◆ Given data ◆
::::::::

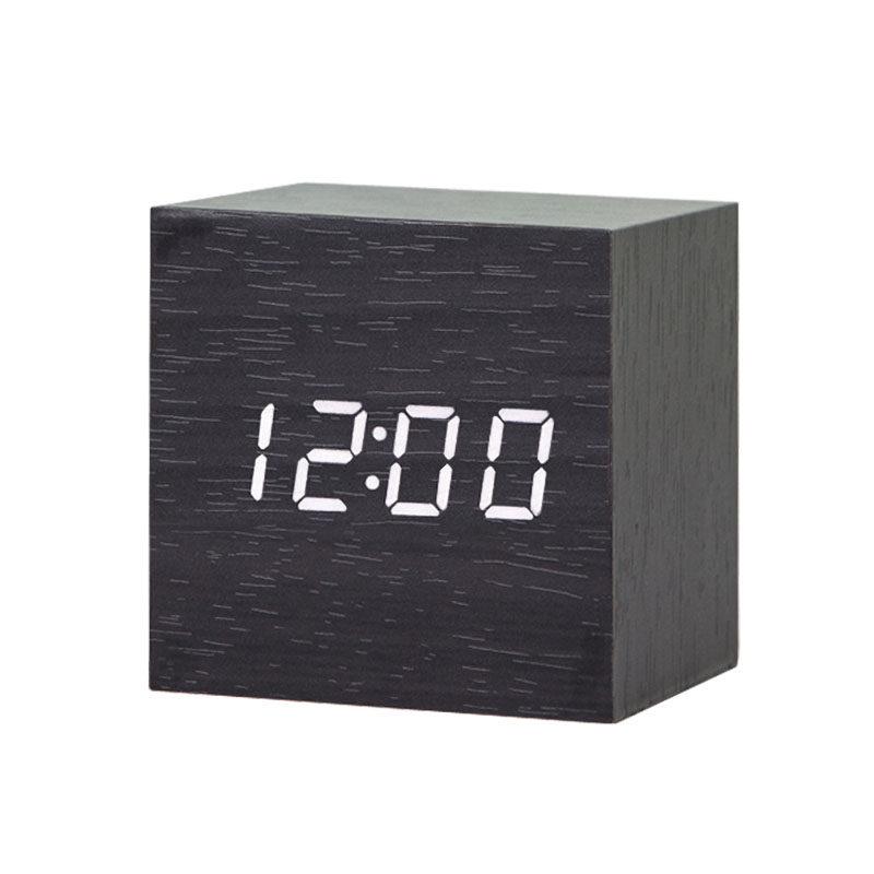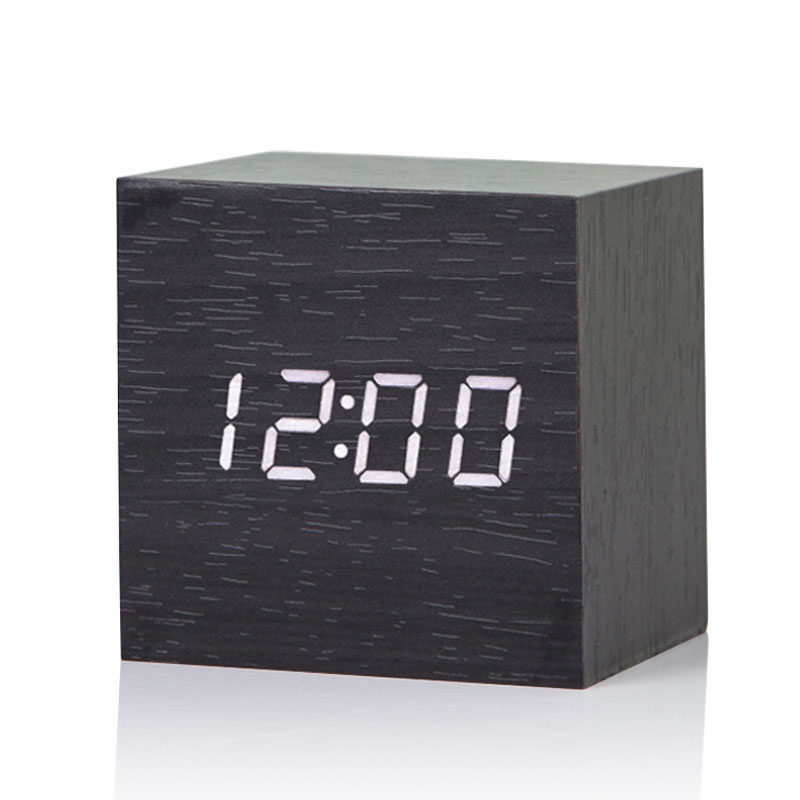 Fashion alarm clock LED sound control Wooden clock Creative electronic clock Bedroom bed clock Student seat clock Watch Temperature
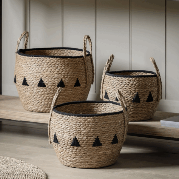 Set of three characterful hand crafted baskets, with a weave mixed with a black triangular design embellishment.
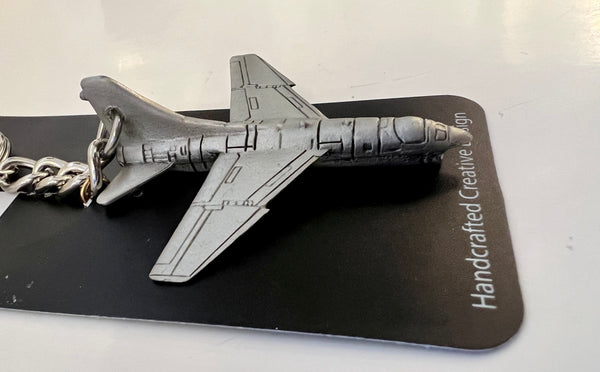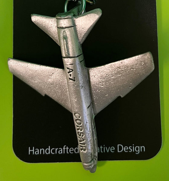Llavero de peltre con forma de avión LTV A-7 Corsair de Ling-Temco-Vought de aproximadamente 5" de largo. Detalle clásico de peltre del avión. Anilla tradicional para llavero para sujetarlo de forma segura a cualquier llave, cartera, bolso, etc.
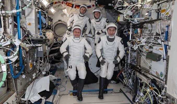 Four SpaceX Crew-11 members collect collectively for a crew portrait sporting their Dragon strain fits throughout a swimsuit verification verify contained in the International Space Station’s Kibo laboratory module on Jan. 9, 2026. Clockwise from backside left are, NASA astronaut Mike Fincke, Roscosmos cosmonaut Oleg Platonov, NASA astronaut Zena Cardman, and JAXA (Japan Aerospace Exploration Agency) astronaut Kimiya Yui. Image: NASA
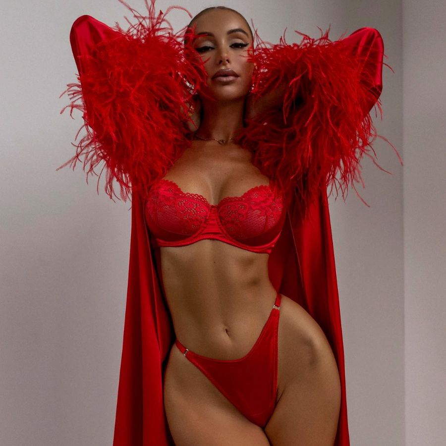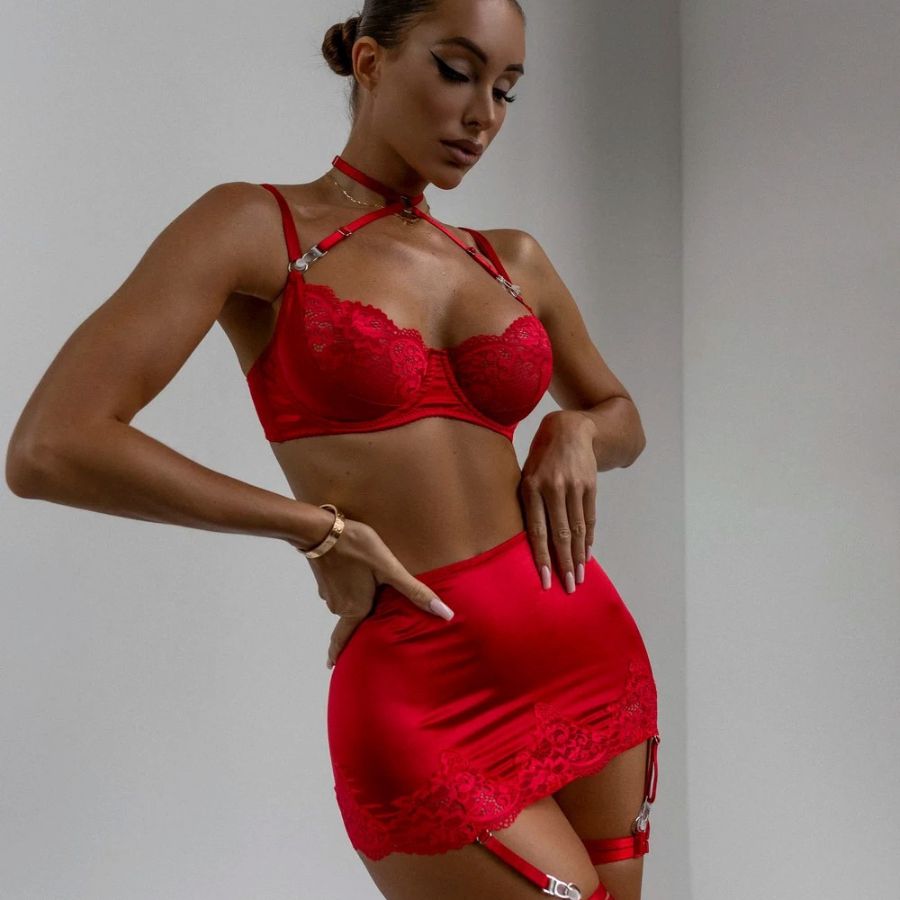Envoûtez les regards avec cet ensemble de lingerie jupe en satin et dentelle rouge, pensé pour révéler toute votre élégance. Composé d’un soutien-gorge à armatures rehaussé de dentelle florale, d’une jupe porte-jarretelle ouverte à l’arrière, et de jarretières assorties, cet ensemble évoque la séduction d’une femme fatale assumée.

::::::::

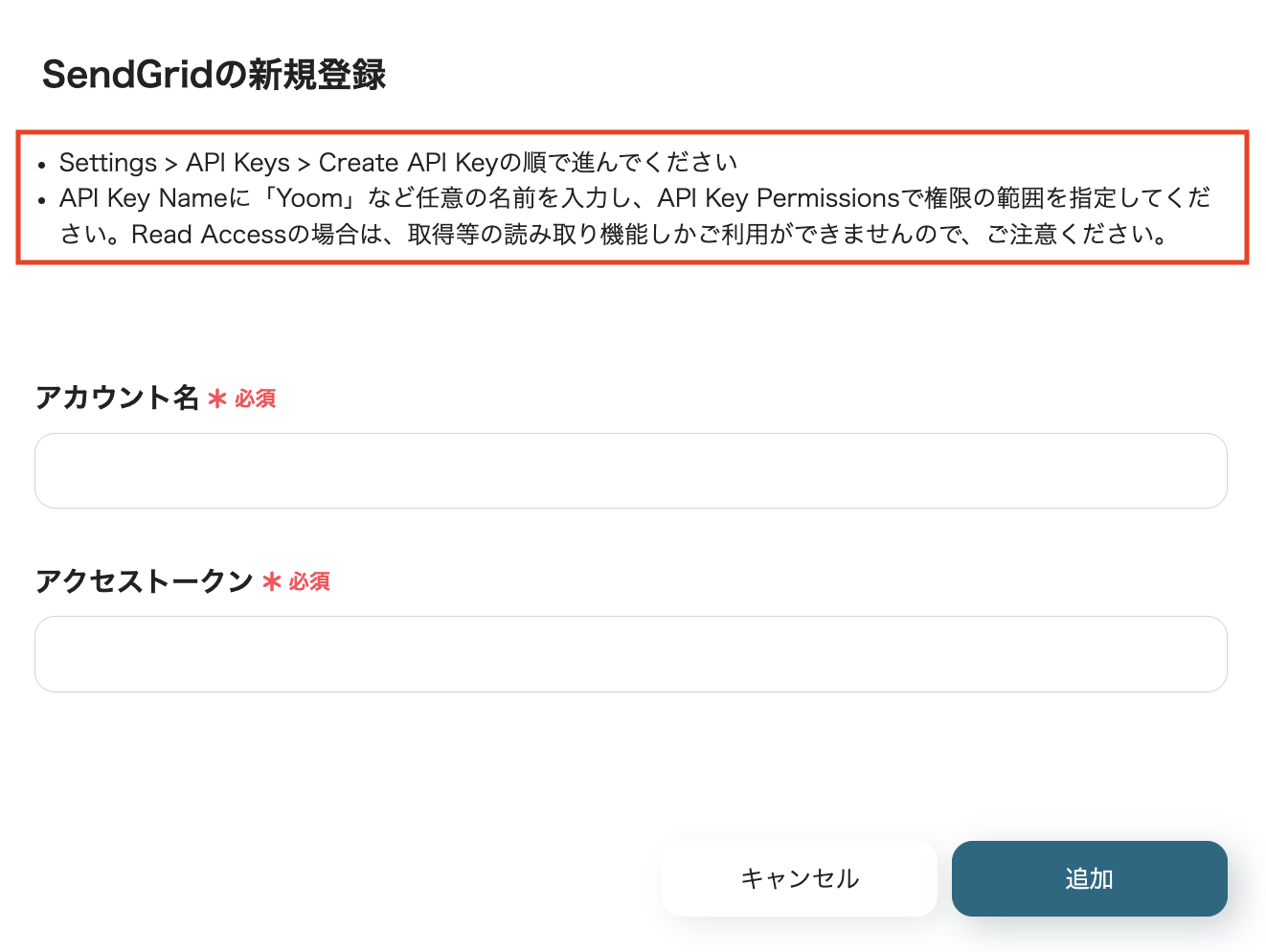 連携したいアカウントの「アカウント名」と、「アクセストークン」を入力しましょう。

::::::::

◆ Requirement ◆
An exact copy is needed of the stretch above that opens with the line containing "Fashion alarm clock" and closes with the line containing "Four SpaceX Crew-11"; the pictures are not part of it.

◆ Answer ◆
 Fashion alarm clock LED sound control Wooden clock Creative electronic clock Bedroom bed clock Student seat clock Watch Temperature
 Set of three characterful hand crafted baskets, with a weave mixed with a black triangular design embellishment.
Llavero de peltre con forma de avión LTV A-7 Corsair de Ling-Temco-Vought de aproximadamente 5" de largo. Detalle clásico de peltre del avión. Anilla tradicional para llavero para sujetarlo de forma segura a cualquier llave, cartera, bolso, etc.
 Four SpaceX Crew-11 members collect collectively for a crew portrait sporting their Dragon strain fits throughout a swimsuit verification verify contained in the International Space Station’s Kibo laboratory module on Jan. 9, 2026. Clockwise from backside left are, NASA astronaut Mike Fincke, Roscosmos cosmonaut Oleg Platonov, NASA astronaut Zena Cardman, and JAXA (Japan Aerospace Exploration Agency) astronaut Kimiya Yui. Image: NASA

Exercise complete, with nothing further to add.